** REQUIREMENT **
Once you find the line containing "De kamer is" in the data below, copy it and each following line exactly, up to and including the line containing "El sendero sube", and nothing else.

** EXTRACTED RECORDS **
◆ ◆ ◆ ◆

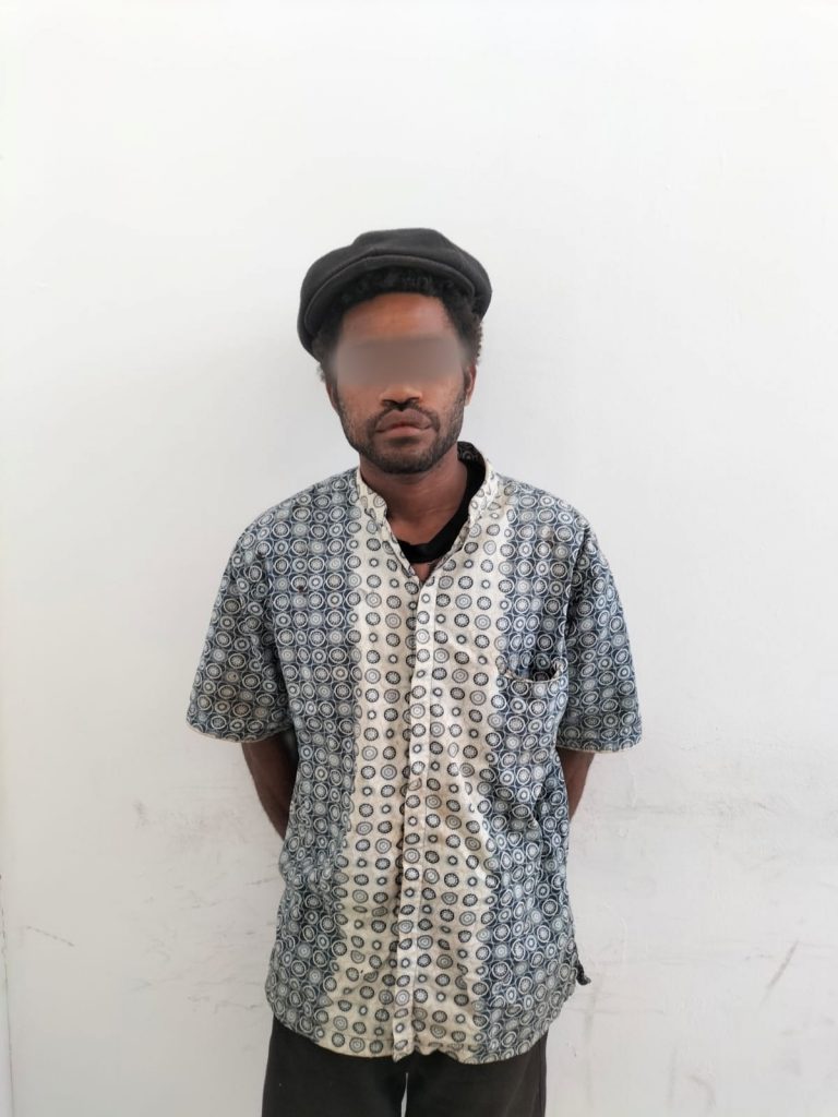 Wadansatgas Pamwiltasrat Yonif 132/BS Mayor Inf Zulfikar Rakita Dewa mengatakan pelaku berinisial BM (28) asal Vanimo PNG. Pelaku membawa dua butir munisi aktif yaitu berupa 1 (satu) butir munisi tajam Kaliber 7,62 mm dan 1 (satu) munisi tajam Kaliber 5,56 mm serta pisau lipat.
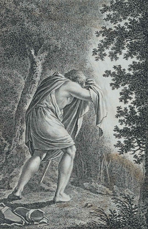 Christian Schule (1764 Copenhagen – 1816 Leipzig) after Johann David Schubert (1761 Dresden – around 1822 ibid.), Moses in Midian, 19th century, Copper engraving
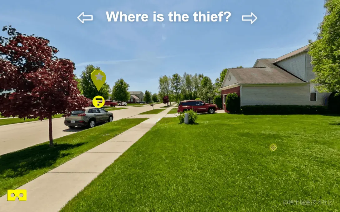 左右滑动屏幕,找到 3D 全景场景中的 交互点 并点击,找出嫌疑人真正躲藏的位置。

◆ ◆ ◆ ◆

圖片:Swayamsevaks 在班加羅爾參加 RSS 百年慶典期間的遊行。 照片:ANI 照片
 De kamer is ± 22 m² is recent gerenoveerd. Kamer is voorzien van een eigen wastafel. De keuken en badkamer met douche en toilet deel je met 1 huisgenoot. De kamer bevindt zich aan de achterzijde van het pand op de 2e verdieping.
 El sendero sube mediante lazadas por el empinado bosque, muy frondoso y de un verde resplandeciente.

◆ ◆ ◆ ◆

** TASK RESULT **
 De kamer is ± 22 m² is recent gerenoveerd. Kamer is voorzien van een eigen wastafel. De keuken en badkamer met douche en toilet deel je met 1 huisgenoot. De kamer bevindt zich aan de achterzijde van het pand op de 2e verdieping.
 El sendero sube mediante lazadas por el empinado bosque, muy frondoso y de un verde resplandeciente.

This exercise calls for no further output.